#### STORED DATA:
.....
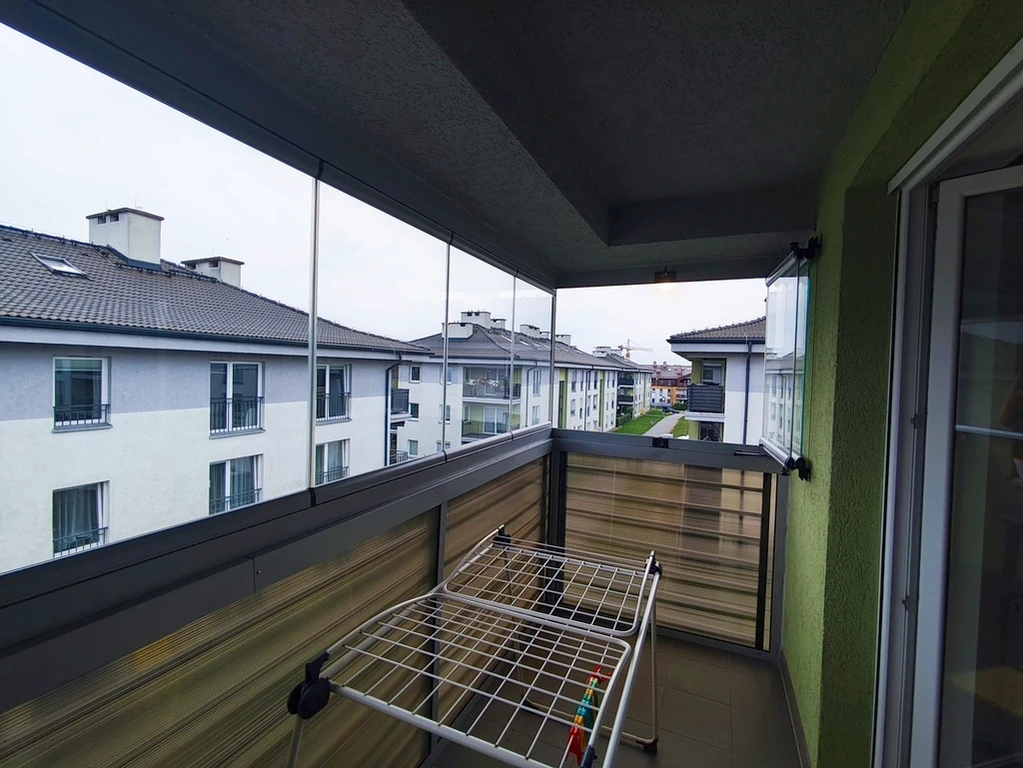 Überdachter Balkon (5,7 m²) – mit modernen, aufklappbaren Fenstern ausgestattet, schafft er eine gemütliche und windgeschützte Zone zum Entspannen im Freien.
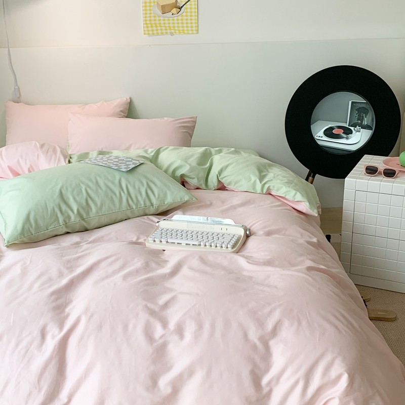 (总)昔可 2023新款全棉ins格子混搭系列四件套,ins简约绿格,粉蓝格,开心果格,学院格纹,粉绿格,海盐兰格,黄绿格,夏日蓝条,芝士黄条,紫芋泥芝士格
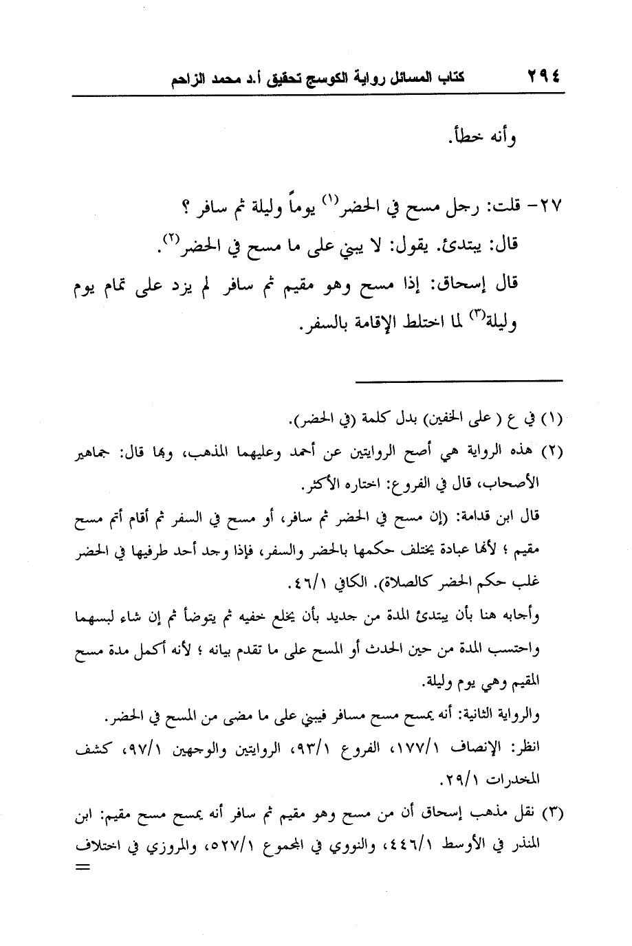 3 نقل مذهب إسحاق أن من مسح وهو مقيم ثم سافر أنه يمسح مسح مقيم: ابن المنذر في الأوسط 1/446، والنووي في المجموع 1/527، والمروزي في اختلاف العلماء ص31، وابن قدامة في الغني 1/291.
.....
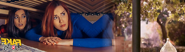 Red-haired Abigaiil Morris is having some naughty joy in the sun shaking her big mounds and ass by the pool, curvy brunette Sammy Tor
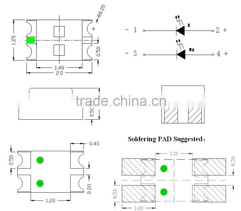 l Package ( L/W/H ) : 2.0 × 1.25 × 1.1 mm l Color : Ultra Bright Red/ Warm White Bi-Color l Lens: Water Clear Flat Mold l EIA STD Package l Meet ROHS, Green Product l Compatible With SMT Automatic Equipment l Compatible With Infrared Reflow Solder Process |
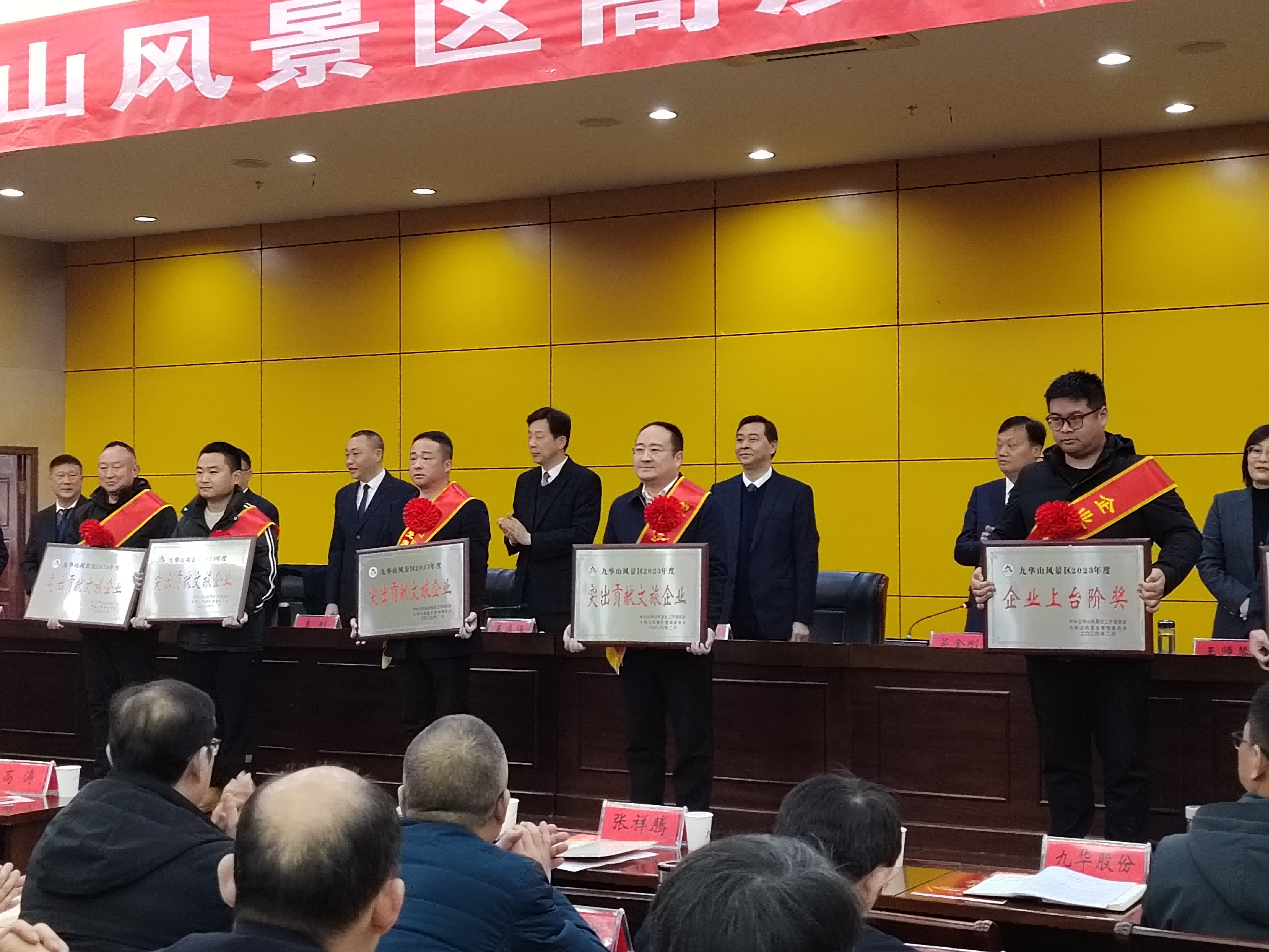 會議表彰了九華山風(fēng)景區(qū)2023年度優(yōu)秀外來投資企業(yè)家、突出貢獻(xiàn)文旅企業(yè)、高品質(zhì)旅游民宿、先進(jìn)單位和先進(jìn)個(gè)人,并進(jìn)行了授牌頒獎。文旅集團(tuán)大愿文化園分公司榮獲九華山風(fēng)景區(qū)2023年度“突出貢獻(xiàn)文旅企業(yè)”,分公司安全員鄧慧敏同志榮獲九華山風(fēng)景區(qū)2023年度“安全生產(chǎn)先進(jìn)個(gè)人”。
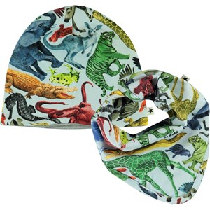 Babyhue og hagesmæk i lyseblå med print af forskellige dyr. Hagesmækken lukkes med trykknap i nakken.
.....
#### YOUR TASK:
Copy the entries above exactly, but only the stretch from the line containing "會議表彰了九華山風(fēng" through the line containing "Babyhue og hagesmæk". Keep both end lines; drop the pictures.

#### RESPONSE BOX:
 會議表彰了九華山風(fēng)景區(qū)2023年度優(yōu)秀外來投資企業(yè)家、突出貢獻(xiàn)文旅企業(yè)、高品質(zhì)旅游民宿、先進(jìn)單位和先進(jìn)個(gè)人,并進(jìn)行了授牌頒獎。文旅集團(tuán)大愿文化園分公司榮獲九華山風(fēng)景區(qū)2023年度“突出貢獻(xiàn)文旅企業(yè)”,分公司安全員鄧慧敏同志榮獲九華山風(fēng)景區(qū)2023年度“安全生產(chǎn)先進(jìn)個(gè)人”。
 Babyhue og hagesmæk i lyseblå med print af forskellige dyr. Hagesmækken lukkes med trykknap i nakken.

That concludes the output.